## [TASK STATEMENT]
What you give back should match the entries below character for character.

*** Opening of DATA FOR THIS TASK ***

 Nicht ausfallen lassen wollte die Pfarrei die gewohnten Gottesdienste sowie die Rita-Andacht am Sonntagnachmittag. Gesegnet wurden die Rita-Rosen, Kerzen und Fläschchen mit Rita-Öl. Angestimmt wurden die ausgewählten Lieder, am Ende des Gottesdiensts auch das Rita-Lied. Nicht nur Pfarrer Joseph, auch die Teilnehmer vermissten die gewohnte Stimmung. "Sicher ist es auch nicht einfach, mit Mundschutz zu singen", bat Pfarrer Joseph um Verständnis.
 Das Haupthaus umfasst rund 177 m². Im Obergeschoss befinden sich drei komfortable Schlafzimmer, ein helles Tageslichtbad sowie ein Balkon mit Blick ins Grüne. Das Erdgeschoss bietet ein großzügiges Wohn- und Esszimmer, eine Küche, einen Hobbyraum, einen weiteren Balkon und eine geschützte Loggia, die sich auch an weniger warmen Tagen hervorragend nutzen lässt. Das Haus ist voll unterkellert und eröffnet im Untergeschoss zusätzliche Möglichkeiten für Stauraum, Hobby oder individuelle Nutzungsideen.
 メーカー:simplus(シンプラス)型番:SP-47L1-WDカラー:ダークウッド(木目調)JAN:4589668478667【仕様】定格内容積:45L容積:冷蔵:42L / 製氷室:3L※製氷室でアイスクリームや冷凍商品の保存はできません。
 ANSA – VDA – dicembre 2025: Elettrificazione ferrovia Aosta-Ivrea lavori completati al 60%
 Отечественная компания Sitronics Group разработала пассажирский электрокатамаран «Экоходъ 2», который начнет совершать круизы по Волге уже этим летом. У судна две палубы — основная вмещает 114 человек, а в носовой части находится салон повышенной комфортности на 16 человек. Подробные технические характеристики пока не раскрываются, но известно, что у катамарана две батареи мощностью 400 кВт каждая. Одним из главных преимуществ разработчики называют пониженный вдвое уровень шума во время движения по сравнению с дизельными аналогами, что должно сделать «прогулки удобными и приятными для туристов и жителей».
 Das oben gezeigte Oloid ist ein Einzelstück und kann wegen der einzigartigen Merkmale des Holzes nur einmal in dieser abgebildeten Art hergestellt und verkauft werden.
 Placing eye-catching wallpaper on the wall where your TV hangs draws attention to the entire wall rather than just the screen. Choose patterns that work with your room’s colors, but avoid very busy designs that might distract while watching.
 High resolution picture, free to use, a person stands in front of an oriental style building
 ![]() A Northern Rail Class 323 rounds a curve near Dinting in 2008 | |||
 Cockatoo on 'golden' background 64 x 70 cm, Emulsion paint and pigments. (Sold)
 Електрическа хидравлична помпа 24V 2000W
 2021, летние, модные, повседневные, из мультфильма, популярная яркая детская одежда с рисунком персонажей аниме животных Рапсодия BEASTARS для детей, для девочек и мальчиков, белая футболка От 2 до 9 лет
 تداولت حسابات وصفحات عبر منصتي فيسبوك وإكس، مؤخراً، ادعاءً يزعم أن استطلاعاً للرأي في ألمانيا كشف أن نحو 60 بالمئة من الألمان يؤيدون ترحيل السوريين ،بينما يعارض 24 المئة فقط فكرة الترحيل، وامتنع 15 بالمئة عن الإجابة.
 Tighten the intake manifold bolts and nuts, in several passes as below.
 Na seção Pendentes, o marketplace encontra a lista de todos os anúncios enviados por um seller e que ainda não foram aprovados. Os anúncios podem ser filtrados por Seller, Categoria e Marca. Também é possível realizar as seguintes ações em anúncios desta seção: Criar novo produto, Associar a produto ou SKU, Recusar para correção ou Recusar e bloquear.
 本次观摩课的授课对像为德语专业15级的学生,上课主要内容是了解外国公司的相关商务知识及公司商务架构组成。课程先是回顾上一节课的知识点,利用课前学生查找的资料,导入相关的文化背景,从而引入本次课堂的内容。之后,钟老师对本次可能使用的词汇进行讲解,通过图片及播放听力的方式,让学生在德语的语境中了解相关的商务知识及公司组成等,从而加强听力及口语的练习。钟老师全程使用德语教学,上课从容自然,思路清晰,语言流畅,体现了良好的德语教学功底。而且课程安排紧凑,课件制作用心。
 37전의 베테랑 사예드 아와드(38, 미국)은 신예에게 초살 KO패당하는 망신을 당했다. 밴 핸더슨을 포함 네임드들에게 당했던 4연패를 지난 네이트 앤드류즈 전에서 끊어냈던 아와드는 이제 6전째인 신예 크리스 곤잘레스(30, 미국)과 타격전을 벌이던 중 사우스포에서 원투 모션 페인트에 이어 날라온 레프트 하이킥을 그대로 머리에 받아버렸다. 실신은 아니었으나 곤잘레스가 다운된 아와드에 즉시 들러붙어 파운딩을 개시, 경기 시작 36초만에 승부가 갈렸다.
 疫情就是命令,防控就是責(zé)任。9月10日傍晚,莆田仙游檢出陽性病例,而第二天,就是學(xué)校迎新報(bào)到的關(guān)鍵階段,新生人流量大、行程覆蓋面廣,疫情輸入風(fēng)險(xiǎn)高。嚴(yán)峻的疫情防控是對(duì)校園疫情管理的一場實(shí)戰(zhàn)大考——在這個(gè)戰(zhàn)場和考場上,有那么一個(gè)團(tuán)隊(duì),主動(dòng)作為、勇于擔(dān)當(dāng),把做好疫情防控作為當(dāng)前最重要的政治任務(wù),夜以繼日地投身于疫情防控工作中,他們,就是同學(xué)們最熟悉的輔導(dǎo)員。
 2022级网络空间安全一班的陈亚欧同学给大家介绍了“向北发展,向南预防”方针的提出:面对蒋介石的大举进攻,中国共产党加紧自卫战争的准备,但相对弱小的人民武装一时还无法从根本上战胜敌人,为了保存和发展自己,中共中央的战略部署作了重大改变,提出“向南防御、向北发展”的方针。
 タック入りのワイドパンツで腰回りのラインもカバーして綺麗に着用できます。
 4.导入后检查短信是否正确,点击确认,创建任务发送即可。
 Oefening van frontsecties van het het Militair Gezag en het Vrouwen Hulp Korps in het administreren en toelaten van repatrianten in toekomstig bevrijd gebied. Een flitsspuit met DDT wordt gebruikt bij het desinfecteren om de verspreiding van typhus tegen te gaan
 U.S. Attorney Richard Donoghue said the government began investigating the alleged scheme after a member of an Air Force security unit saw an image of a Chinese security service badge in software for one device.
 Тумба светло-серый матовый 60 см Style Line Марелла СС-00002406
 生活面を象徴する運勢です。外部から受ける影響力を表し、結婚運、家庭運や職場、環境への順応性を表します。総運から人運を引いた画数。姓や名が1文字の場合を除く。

*** Close of DATA FOR THIS TASK ***

## [EXERCISE OUTPUT]
 Nicht ausfallen lassen wollte die Pfarrei die gewohnten Gottesdienste sowie die Rita-Andacht am Sonntagnachmittag. Gesegnet wurden die Rita-Rosen, Kerzen und Fläschchen mit Rita-Öl. Angestimmt wurden die ausgewählten Lieder, am Ende des Gottesdiensts auch das Rita-Lied. Nicht nur Pfarrer Joseph, auch die Teilnehmer vermissten die gewohnte Stimmung. "Sicher ist es auch nicht einfach, mit Mundschutz zu singen", bat Pfarrer Joseph um Verständnis.
 Das Haupthaus umfasst rund 177 m². Im Obergeschoss befinden sich drei komfortable Schlafzimmer, ein helles Tageslichtbad sowie ein Balkon mit Blick ins Grüne. Das Erdgeschoss bietet ein großzügiges Wohn- und Esszimmer, eine Küche, einen Hobbyraum, einen weiteren Balkon und eine geschützte Loggia, die sich auch an weniger warmen Tagen hervorragend nutzen lässt. Das Haus ist voll unterkellert und eröffnet im Untergeschoss zusätzliche Möglichkeiten für Stauraum, Hobby oder individuelle Nutzungsideen.
 メーカー:simplus(シンプラス)型番:SP-47L1-WDカラー:ダークウッド(木目調)JAN:4589668478667【仕様】定格内容積:45L容積:冷蔵:42L / 製氷室:3L※製氷室でアイスクリームや冷凍商品の保存はできません。
 ANSA – VDA – dicembre 2025: Elettrificazione ferrovia Aosta-Ivrea lavori completati al 60%
 Отечественная компания Sitronics Group разработала пассажирский электрокатамаран «Экоходъ 2», который начнет совершать круизы по Волге уже этим летом. У судна две палубы — основная вмещает 114 человек, а в носовой части находится салон повышенной комфортности на 16 человек. Подробные технические характеристики пока не раскрываются, но известно, что у катамарана две батареи мощностью 400 кВт каждая. Одним из главных преимуществ разработчики называют пониженный вдвое уровень шума во время движения по сравнению с дизельными аналогами, что должно сделать «прогулки удобными и приятными для туристов и жителей».
 Das oben gezeigte Oloid ist ein Einzelstück und kann wegen der einzigartigen Merkmale des Holzes nur einmal in dieser abgebildeten Art hergestellt und verkauft werden.
 Placing eye-catching wallpaper on the wall where your TV hangs draws attention to the entire wall rather than just the screen. Choose patterns that work with your room’s colors, but avoid very busy designs that might distract while watching.
 High resolution picture, free to use, a person stands in front of an oriental style building
 ![]() A Northern Rail Class 323 rounds a curve near Dinting in 2008 | |||
 Cockatoo on 'golden' background 64 x 70 cm, Emulsion paint and pigments. (Sold)
 Електрическа хидравлична помпа 24V 2000W
 2021, летние, модные, повседневные, из мультфильма, популярная яркая детская одежда с рисунком персонажей аниме животных Рапсодия BEASTARS для детей, для девочек и мальчиков, белая футболка От 2 до 9 лет
 تداولت حسابات وصفحات عبر منصتي فيسبوك وإكس، مؤخراً، ادعاءً يزعم أن استطلاعاً للرأي في ألمانيا كشف أن نحو 60 بالمئة من الألمان يؤيدون ترحيل السوريين ،بينما يعارض 24 المئة فقط فكرة الترحيل، وامتنع 15 بالمئة عن الإجابة.
 Tighten the intake manifold bolts and nuts, in several passes as below.
 Na seção Pendentes, o marketplace encontra a lista de todos os anúncios enviados por um seller e que ainda não foram aprovados. Os anúncios podem ser filtrados por Seller, Categoria e Marca. Também é possível realizar as seguintes ações em anúncios desta seção: Criar novo produto, Associar a produto ou SKU, Recusar para correção ou Recusar e bloquear.
 本次观摩课的授课对像为德语专业15级的学生,上课主要内容是了解外国公司的相关商务知识及公司商务架构组成。课程先是回顾上一节课的知识点,利用课前学生查找的资料,导入相关的文化背景,从而引入本次课堂的内容。之后,钟老师对本次可能使用的词汇进行讲解,通过图片及播放听力的方式,让学生在德语的语境中了解相关的商务知识及公司组成等,从而加强听力及口语的练习。钟老师全程使用德语教学,上课从容自然,思路清晰,语言流畅,体现了良好的德语教学功底。而且课程安排紧凑,课件制作用心。
 37전의 베테랑 사예드 아와드(38, 미국)은 신예에게 초살 KO패당하는 망신을 당했다. 밴 핸더슨을 포함 네임드들에게 당했던 4연패를 지난 네이트 앤드류즈 전에서 끊어냈던 아와드는 이제 6전째인 신예 크리스 곤잘레스(30, 미국)과 타격전을 벌이던 중 사우스포에서 원투 모션 페인트에 이어 날라온 레프트 하이킥을 그대로 머리에 받아버렸다. 실신은 아니었으나 곤잘레스가 다운된 아와드에 즉시 들러붙어 파운딩을 개시, 경기 시작 36초만에 승부가 갈렸다.
 疫情就是命令,防控就是責(zé)任。9月10日傍晚,莆田仙游檢出陽性病例,而第二天,就是學(xué)校迎新報(bào)到的關(guān)鍵階段,新生人流量大、行程覆蓋面廣,疫情輸入風(fēng)險(xiǎn)高。嚴(yán)峻的疫情防控是對(duì)校園疫情管理的一場實(shí)戰(zhàn)大考——在這個(gè)戰(zhàn)場和考場上,有那么一個(gè)團(tuán)隊(duì),主動(dòng)作為、勇于擔(dān)當(dāng),把做好疫情防控作為當(dāng)前最重要的政治任務(wù),夜以繼日地投身于疫情防控工作中,他們,就是同學(xué)們最熟悉的輔導(dǎo)員。
 2022级网络空间安全一班的陈亚欧同学给大家介绍了“向北发展,向南预防”方针的提出:面对蒋介石的大举进攻,中国共产党加紧自卫战争的准备,但相对弱小的人民武装一时还无法从根本上战胜敌人,为了保存和发展自己,中共中央的战略部署作了重大改变,提出“向南防御、向北发展”的方针。
 タック入りのワイドパンツで腰回りのラインもカバーして綺麗に着用できます。
 4.导入后检查短信是否正确,点击确认,创建任务发送即可。
 Oefening van frontsecties van het het Militair Gezag en het Vrouwen Hulp Korps in het administreren en toelaten van repatrianten in toekomstig bevrijd gebied. Een flitsspuit met DDT wordt gebruikt bij het desinfecteren om de verspreiding van typhus tegen te gaan
 U.S. Attorney Richard Donoghue said the government began investigating the alleged scheme after a member of an Air Force security unit saw an image of a Chinese security service badge in software for one device.
 Тумба светло-серый матовый 60 см Style Line Марелла СС-00002406
 生活面を象徴する運勢です。外部から受ける影響力を表し、結婚運、家庭運や職場、環境への順応性を表します。総運から人運を引いた画数。姓や名が1文字の場合を除く。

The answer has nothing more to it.